Chemical/Biological Warfare Analyst (NASA)
Our beleaguered nation can rest easy knowing this highly-skilled specialist is applying her ample talents to preventing a terrorist foothold in the cosmos. A model of youthful ambition, Arrington's career has rocketed - no pun intended - through the glass ceiling and into the highest levels of classified government science, intelligence and weaponry despite few published academic papers, which themselves have been derided by some colleagues as "juvenile"; mostly, this criticism has stemmed from jealous older broads. Arrington assures us she is exceptionally qualified, as totally evidenced by her diploma or whatever.
Anger Management Counselor (Middleton and Associates)
Ward's former booth counterpart spends his weekdays advising others on methods to keep their cool, specifically specializing in Cleveland-area white collar office workers whose tempers have or might cost them major mergers and seven-figure accounts. Spielman teaches that anger is a natural human emotion, one of evolution's checks against a perceived threat to our well-being; as such, anger is not the problem. Rather, we are often hurt much more in today's world by losing control of anger. Through Spielman, professionals learn to keep their cool and their feet, wrap up and run through the sudden erasure of the well-honed power point planned for the pressure-packed presentation in front of the board, like, now, without a costly blown stack.
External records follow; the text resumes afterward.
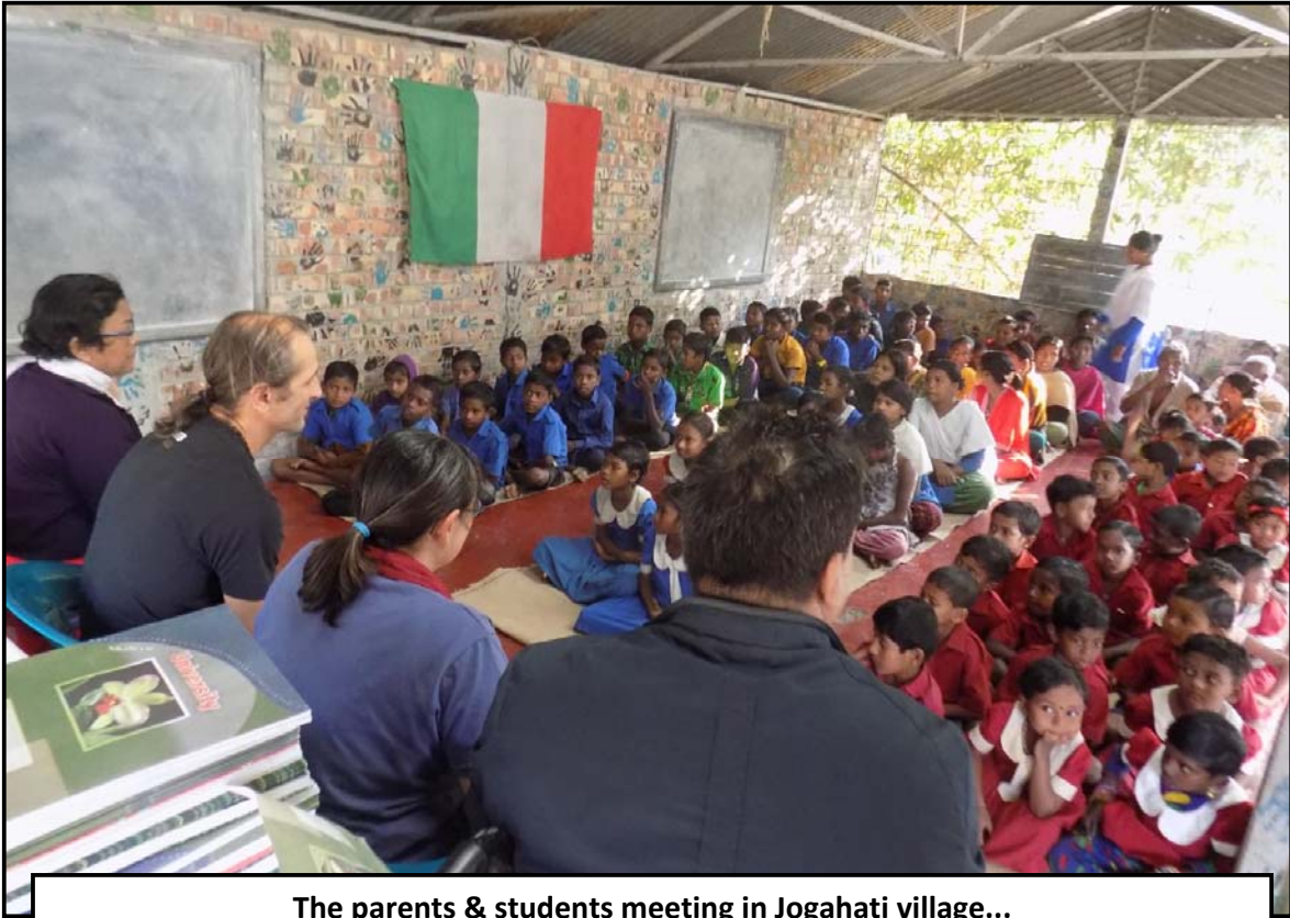
The parents & students meeting in Jogahati village...
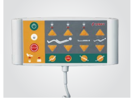
The Supervisor panel for nurses can lock the bed's functions and is equipped with pre-programmed functions.
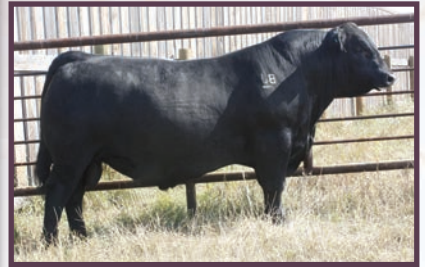
HNB 8M - MATERNAL BROTHER
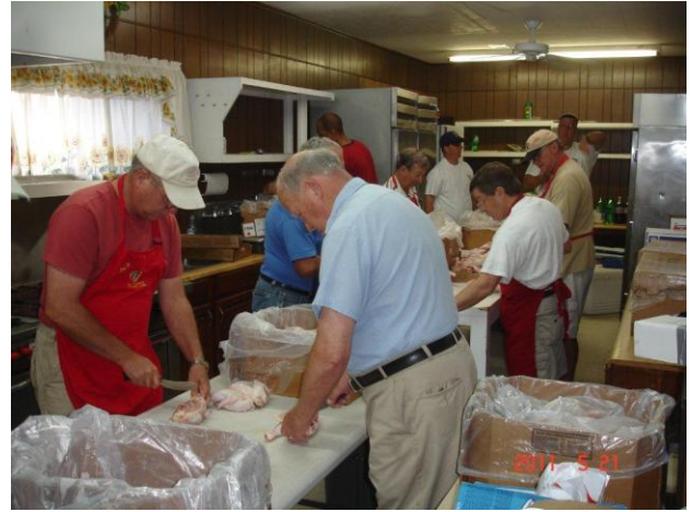
Saturday preparation. Don't forget to tuck those wings!!!
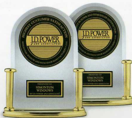
Highest in Customer Satisfaction and in Builder/Remodeler Satisfaction with Residential Window and Door Manufacturers

Simonton Windows achieves high scores in all factors measured in this study.
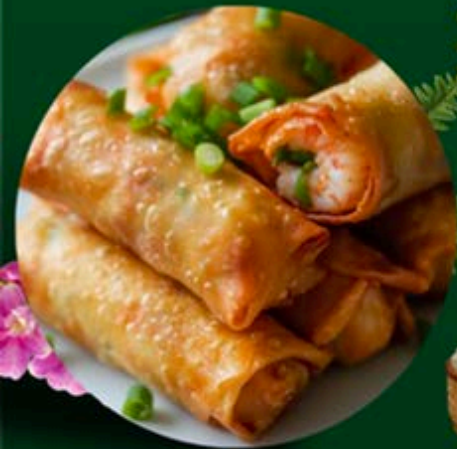
Thai Seafood Spring Roll (4) (gf) ปอเปี๊ยะทะเล 12- Crispy Spring Roll filled with crab meat & prawn served w/ Thai Sweet Chilli Sauce
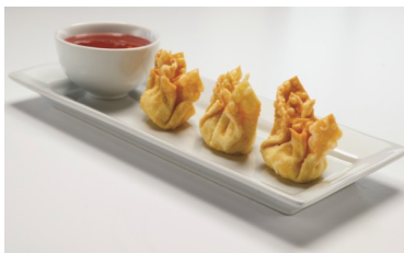
Crab Rangoon (15) $5.99

Created in 1984, the stunningly lifelike and immensely popular "Spencer Tillman" model has borne a steady wave of fashion "dos," spanning chinos, acid-wash, biz-caz and back again (long live retro!). The Tillman is a male model, African-American fleshtone with molded hair, fiberglass construction, high quality. SKU: AF-FJFM1. 74 inches tall with base; Chest - 40"; Waist - 33"; Hip - 39". Ships in 1 to 3 business days via UPS/FedEx - 45 lbs.